Sebaliknya, "terhormat" wanita dituduh menegakkan standar moral yang mencegah rehabilitasi "wanita jatuh". Untuk wartawan Melbournian abad kesembilan belas "The Vagabond"John Stanley James, itu adalah" wanita sendiri "- tidak pernah manusia - yang melemparkan" batu pada adiknya yang sesat ".

Perspektif ini terus berlanjut di masyarakat saat ini. Menurut komentator seperti Samantha Brick, wanita, bukan pria, yang keberatan, meremehkan dan menyabot wanita yang menarik, terutama mereka yang telah memeluk seksualitas mereka.

Wanita profesional

Wanita mungkin telah dibebaskan dari ketergantungan mereka pada penyedia pria selama abad ke-20, namun hal ini tidak dikatakan telah mengurangi persaingan wanita. Sebaliknya, fenomena ini terlihat telah berpindah begitu saja ke dalam bidang profesional.

Banyak yang percaya bahwa atasan wanita lebih tangguh terhadap pegawai wanita, enggan untuk membantu orang lain menghancurkan plafon kaca karena takut kehilangan posisi istimewa mereka sendiri.

Sebuah 2011 studi psikologis menyimpulkan bahwa tuduhan perilaku "Queen Bee" biasanya dihasilkan dari wanita yang memiliki standar profesional yang berbeda. Daya saing dan otoritarianisme, menurut peneliti, dirasakan negatif saat ditampilkan oleh wanita, tapi bukan laki-laki.

Sekali lagi, persepsi semacam itu bukanlah hal baru.

Dalam ekonomi gelap abad kesembilan belas, penjaga bordil digambarkan dengan iri hati menjaga posisi yang lebih istimewa yang mereka miliki atas pelacur biasa. Madams dikatakan menipu perempuan lain dari upah mereka dengan rasa schadenfreude.

Ada dugaan serupa tentang eksploitasi perempuan dalam ekonomi yang sah. Pembaharu sosial Helen Campbell, di Tahanan Kemiskinan (1900), sebuah penyelidikan terhadap pekerja pabrik wanita Amerika, menyatakan:

Pengawas industri wanita tidak hanya dipenuhi dengan keserakahan dan rumit dan tidak pasti dalam metode mereka sebagai kelas terburuk majikan laki-laki, tapi bahkan lebih cerdik dalam cara pemaksaan tertentu.

Mitos Berlanjut

Entah dalam kehidupan profesional atau pribadi mereka, memang benar bahwa wanita tidak selalu memperlakukan wanita lain dengan baik. Tapi hal yang sama bisa dikatakan untuk pria.

Kita bisa dengan mudah menemukan bukti bahwa semua orang saling membenci - misalnya, dengan menunjukkan bahwa sebagian besar kejahatan kekerasan dilakukan oleh laki-laki terhadap orang lain.

Namun berabad-abad menjadi wanita mengatakan kepada masing-masing orang lain musuh terburuk telah mengakibatkan bias konfirmasi. Kami diprogram untuk mengidentifikasi bukti yang mendukung hipotesis yang sudah ada sebelumnya.

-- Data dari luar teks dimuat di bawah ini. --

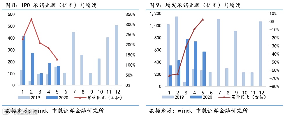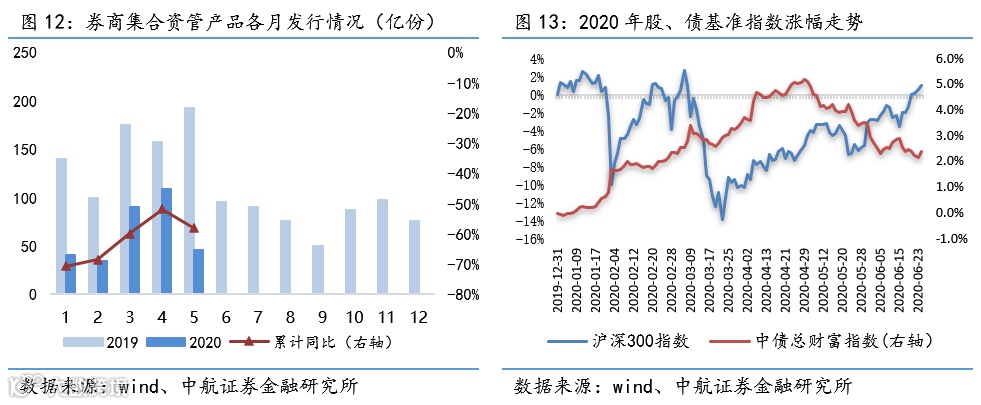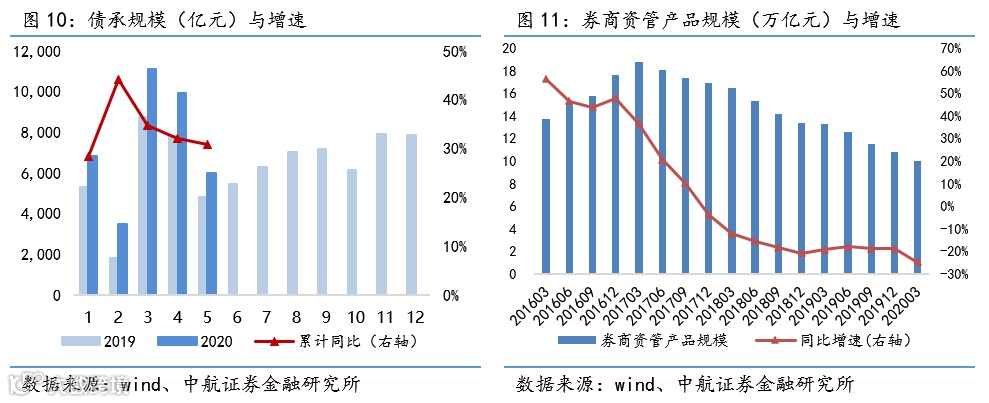 资管:截至2020Q1,券商资管规模合计9.97万亿元,同比-24.91%。截至5月年内券商集合资管产品新发行份额累计同比-58.12%。

Dan saat cerita tentang persaingan wanita menghiasi layar kita - misalnya, antara ibu di Tangan yang Rocks Cradle yang (1992), klik empat orang di Pembohong kecil (2010 - sekarang) dan rivalnya kriminal di Indonesia Underbelly: Razor (2011) - naratif ini hanya lebih menggugah daripada kenyataan kekerasan laki-laki.

Sebuah keasyikan dengan "kejahatan"-on-girl tidak hanya mengalihkan perhatian dari masalah yang lebih besar dihadapi perempuan, seperti kekerasan yang dilakukan terhadap mereka oleh orang-orang, tetapi sampai batas tertentu memvalidasi wanita-sebagai-rendah sikap yang berkontribusi terhadap kejahatan tersebut.

Kritik budaya HL Mencken Pernah didefinisikan sebagai misoginis sebagai pria yang membenci wanita sebanyak wanita saling membenci. Dengan gampang menyarankan bahwa semua wanita saling membenci memberi izin diam bagi pria untuk membenci wanita juga.

Tentang PenulisPercakapan

alana piperAlana Piper, Peneliti, Griffith Criminology Institute, Universitas Griffith. Dia memiliki berbagai kepentingan yang melibatkan sejarah sosial dan budaya Australia, terutama yang berkaitan dengan isu tatanan sosial dan kontrol, media, dan gender, kelas dan identitas rasial.

Artikel ini awalnya diterbitkan pada Percakapan. Membaca Artikel asli.

Buku terkait:

Rad American Women AZ: Pemberontak, Trailblazer, dan Visioner yang Membentuk Sejarah Kita. . . dan masa depan kita! (Lampu Kota / Sister Spit)

persahabatanPenulis: Kate Schatz
Binding: Hardcover
Fitur:
  • Buku Lampu Kota

Merek: Buku Lampu Kota
Pencipta (s):
  • Miriam Klein Stahl

Studio: City Lights Penerbit
Label: City Lights Penerbit
Publisher: City Lights Penerbit
Produsen: City Lights Penerbit

Beli sekarang
Ulasan Editorial:

Itu New York Times Penjualan terbaik!

"This is The Most Inspiring Children’s Book We've Ever Seen."--Refinery29.com

"The very first kids' book released by the iconic publishing house City Lights, Rad American Women A-Z navigates the alphabet from Angela Davis to Zora Neale Hurston with colorful illustrations and short, powerful narratives. The perfect gift for the junior riot grrl in your life."--Bust Magazine

"The History of Feminism--in an Awesome Picture Book. The ABCs just got a major girl-power upgrade."--Chantal Strasburger, Remaja Vogue

Like all A-Z books, this one illustrates the alphabet—but instead of "A is for Apple", A is for Angela—as in Angela Davis, the iconic political activist. B is for Billie Jean King, who shattered the glass ceiling of sports; C is for Carol Burnett, who defied assumptions about women in comedy; D is for Dolores Huerta, who organized farmworkers; and E is for Ella Baker, who mentored Dr. Martin Luther King and helped shape the Civil Rights Movement.

And the list of great women continues, spanning several centuries, multiple professions, and 26 diverse individuals. There are artists and abolitionists, scientists and suffragettes, rock stars and rabble-rousers, and agents of change of all kinds.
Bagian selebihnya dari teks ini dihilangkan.